Task description:
What you return should match the data word for word, minus the images.

Data segment:
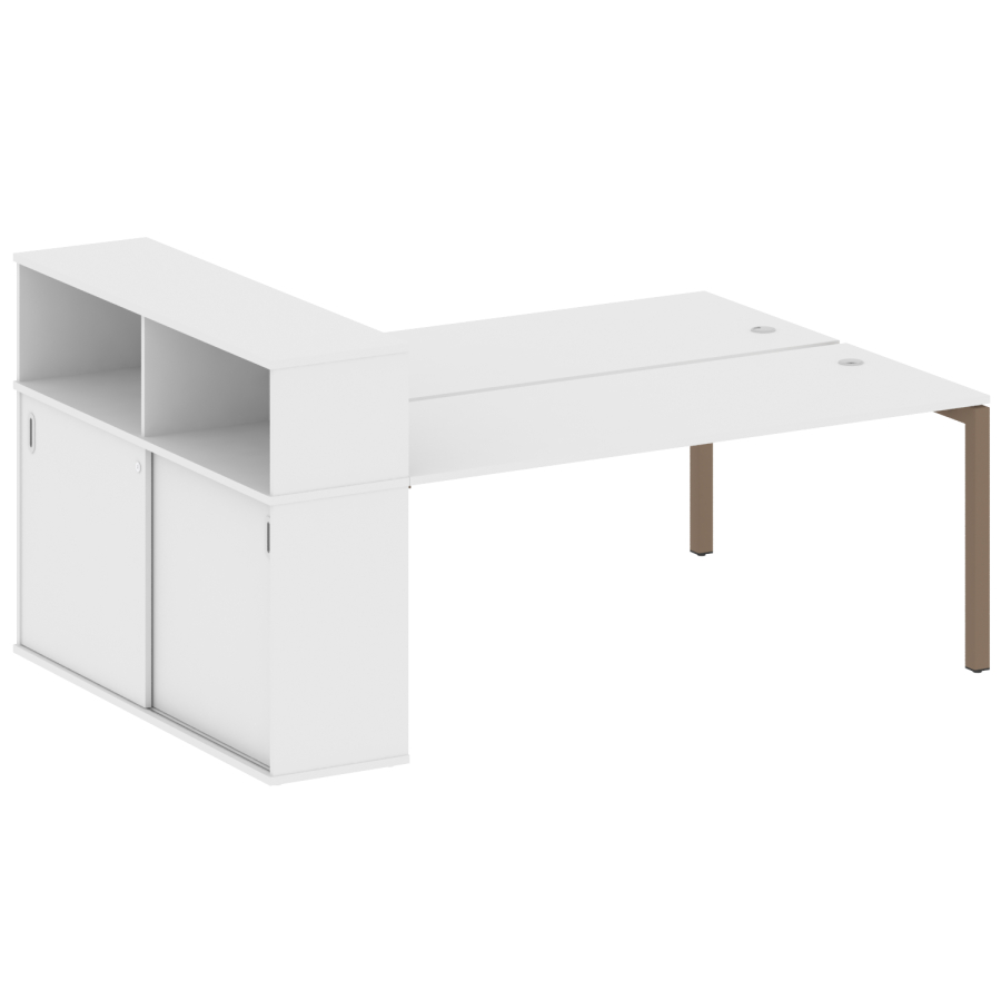 Столешницы имеют отверстия с пластиковыми заглушками кабель-канала серого цвета.
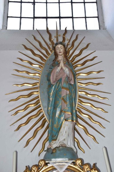 Később a templom további berendezéssel gyarapodott. Az Immaculata-szobor az 1890-es évek közepén készült, a Stuffleser-cég szignójával ellátva. Ezzel, illetve az alatta lévő historizáló mellékoltárral (1883) átellenben áll a Jézus Szíve-mellékoltár (1916), amely a Rétai és Benedek cég munkája.
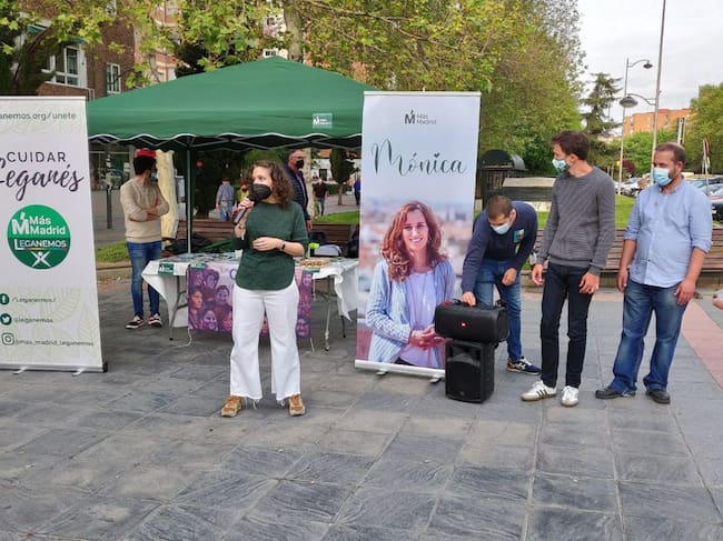 Eva Martínez (i) en un acto electoral durante la campaña de las pasadas elecciones a la Asamblea de Madrid. A la derecha de Iñigo Errejón (2d), el otro edil de la formación en el Ayuntamiento de Leganés, Fran Muñoz. / Más Madrid Leganemos

Your solution:
 Столешницы имеют отверстия с пластиковыми заглушками кабель-канала серого цвета.
 Később a templom további berendezéssel gyarapodott. Az Immaculata-szobor az 1890-es évek közepén készült, a Stuffleser-cég szignójával ellátva. Ezzel, illetve az alatta lévő historizáló mellékoltárral (1883) átellenben áll a Jézus Szíve-mellékoltár (1916), amely a Rétai és Benedek cég munkája.
 Eva Martínez (i) en un acto electoral durante la campaña de las pasadas elecciones a la Asamblea de Madrid. A la derecha de Iñigo Errejón (2d), el otro edil de la formación en el Ayuntamiento de Leganés, Fran Muñoz. / Más Madrid Leganemos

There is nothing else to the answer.